A Selection from Seasons of Contemplation: A Book of Midnight Meditations. Forthcoming April 22, 2015 to paperback, ebook, and audiobook.
The Virtue of Doubt
Often, we do not come to our faith personally; rather, our faith is handed down to us by our parents, mentors, or our community. Accepting a set of truths that we have never tested personally is hazardous. When we do this, not only do we lack deeply-rooted reasons for believing what we do, but we have taken into ourselves a set of truths that could be false.
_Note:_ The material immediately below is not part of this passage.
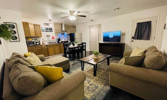 Modern Farmhouse Style Duplex has 2 Bedrooms , 1 Bathroom, and max occupancy of 4 people. The minimum rental for this property is 1 nights, but this can change depending on the season you plan on staying. Previous guests have given good rated it, and VRBO labeled it a top-rated House because of the excellent services rendered by the owner or manager of this House, and has consistently provided great experiences for their guests. Most families or guests that use it recommend it to their friends and some of them are repeat guests. House has a friendly neighborhood, and the Checotah has interesting places to visit. If you want to learn more about the House in Checotah, such as places to visit and things to do nearby, you can check below to learn more.

There is a taboo around questioning tradition or long-held doctrine but we must nonetheless dare to do so. We mustn’t fear being Godless for a time. We mustn’t fear setting aside all the beliefs we have held to be true. Periods of redefinition are healthy and necessary. Like a controlled burn in a forest that rids disease and encourages new growth. Doubt isn’t destructive; rather, it is reaffirming. One who has doubts simply requires the truth to prove itself. In the light of how abundant and convincing lies are in this age, doubt is not a weakness it is a form of prudence. Blind faith is dangerous, whereas doubt is cautious and educated.
Those teachers or communities that frown upon free-minded exchange do not show piety but fear—they fear that their own beliefs may be founded upon that which is false or perhaps that a hidden agenda will be revealed. We cannot have confidence in what we believe if our fidelity to it is founded upon obligation or desperation. One cannot have what is genuine while clinging to what is false. Only two things can come from our doubting something: either our doubt turns out to be warranted and we leave behind a lie or we return to the truth with a justified certainty. So what is there to be feared? Doubt is a tool of redefinition that in turn leads to reaffirmation and discovery.
Do not cling to your beliefs out of fear or complacency, either hold your beliefs confidently or question them until you find the clarity required. When you take up a set of beliefs in desperation, you will never know if what you believe is true or you simply need it to be.
For some, religion is a refuge, for others a foundation. Yet it often is used as a blanket we pull over our heads to protect us from the lurking monster of emptiness that we fear to face. Let your belief be composed of those few unalterable truths that neither time nor doubt are able to wear upon.
Question everything—no matter how beloved, or how long-held, or how exalted—without apology. Only those who build their world with lies need fear a free mind. The truth will remain, even after a storm of doubt and revolution has washed over it. The truth need not be defended. Only illusions need be protected.